The DRTM was modified to enable failure mode simulation. Failure modes are modeled as changes to the flowpath of the DRTM (e.g. leaks) or modification of engine parameters (e.g. turbine efficiency) representative of failure signatures. Sensor characteristics, such as lag and bit toggle, and process noise were also modeled to better replicate engine operation. A simulation of cavitation due to low inlet pressure was also added to the DRTM as the primary test stand/engine interface fault mode. As the inlet pressure falls below a certain level, the propellant begins to vaporize and pump performance drops dramatically.
Data-driven fault detection and diagnostics
In our previous work[2,3] , we used unsupervised anomaly detection algorithms to automatically detect faults in Space Shuttle Main Engine data. Unsupervised anomaly detection algorithms are trained using only nominal data. They learn a model of the nominal data, and signal an anomaly when new data fails to match the model. They are useful when few examples of failure data are available. For a rocket such as the Space Shuttle Main Engine, very few examples of failures exist in the historical data. Unsupervised anomaly detection algorithms are therefore useful when using historical data as training data. For the J-2X, no real data is available yet, since the engine has not been built yet. However, we do have a high-fidelity physics-based simulator that can simulate faults. We therefore decided to use supervised learning. When used for fault detection and diagnostics, supervised learning algorithms take as input data from nominal operation and from each failure mode. They learn a model that is able to distinguish between the nominal data and the data for each fault mode. They are able to go beyond the capabilities of unsupervised anomaly detection algorithms by identifying the fault mode, rather than just detecting anomalies.

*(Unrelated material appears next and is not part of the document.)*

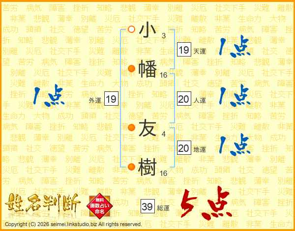 小(3画)幡(16画) 友(4画)樹(16画)

We decided to use a decision tree learning algorithm because the decision trees learned by these algorithms are much easier for human experts to interpret than the models produced by some competing algorithms such as neural networks or support vector machines. Having engineering experts examine the decision trees is very helpful for verifying them before deploying them. The decision tree algorithm automatically “learns” a decision tree by performing a search through the space of possible decision trees to find one that fits the training data. The particular decision tree algorithm used is known as C4.5[4].
Results
In the first experiment, two DRTM simulations were used to train a decision tree. The two simulations each had a leak at the same location, but the leaks were of two different sizes and started at two different times. The simulations included simulated sensor noise, and included a gradual degradation in both fuel and oxidizer turbine efficiency. The simulations also included all four modes, and lasted 500 seconds. The internal timestep was 0.00005 seconds, and the timestep in the recorded data was 0.02 seconds. The resulting tree had 14 nodes. The tree decides whether or not there is a leak at the one location at which the leaks were simulated. Engineering experts on our team examined the tree and concluded that it makes sense.
A third DRTM simulation was used to test the tree. This simulation had a leak at the same location but again with a different size and at a different time. When applied to this test set, the tree was 99.9957% accurate (meaning that 99.9957% of the time, the tree correctly identified whether there was or was not a leak), which is extremely high accuracy. Only one timestep was classified wrong.
A second set of experiments was performed using 56 DRTM simulations as follows:
Five leak locations
Eleven simulations for each leak location, with eleven different leak sizes
One simulation with no leak
Each simulation was 500 seconds, and the time at which the leak started ranged from 50 to 400 seconds.
A C4.5 decision tree was trained using 11 of these simulations (two for each leak location plus one with no leak), and tested on the remaining 45 simulations. The resulting decision tree has 12,289 nodes, and is thus too big to be easily comprehended by humans. We can offer two possible explanations for the large number of nodes. The first explanation is that C4.5 is overfitting. This hypothesis is supported by the fact that the tree had a lower error rate on the training data than it did on the test data. The second explanation is that the decision function being learned cannot be represented using a decision tree with axis-parallel cuts; C4.5 therefore learns a "stairstep" function consisting of many nodes.
The decision tree decides whether there is no leak or a leak at a particular location (out of the five locations). Table 1 shows the false alarm rates for this decision tree. The false alarm rates in the table answer the following question: Of all the time steps that do not have a leak, for what percentage does the decision tree incorrectly report a leak in each location? The total false alarm rate of 0.0072% is considered to be very good.
Table 2 shows the missed detection rates for the same tree. The missed detection rates in the table answer the following question: Of all the time steps that have a leak of the given size at the given location, for what percentage of the time steps does the decision tree fail to detect the leak? It can be seen that at leak locations 3 and 4, the tree performs very well for leaks of size 0.03 square inches or greater. For leaks at location 7, the tree performs well for leaks of size 0.05 square inches or greater. For leaks at location 9, the tree performs well for leaks of size 0.1 square inches or greater. But for leaks at location 8, the tree does not do a good job of detecting the leak until the size of the leak reaches 0.22 square inches. This reflects the fact that leak location 8 produces the smallest leak rates for a given leak area.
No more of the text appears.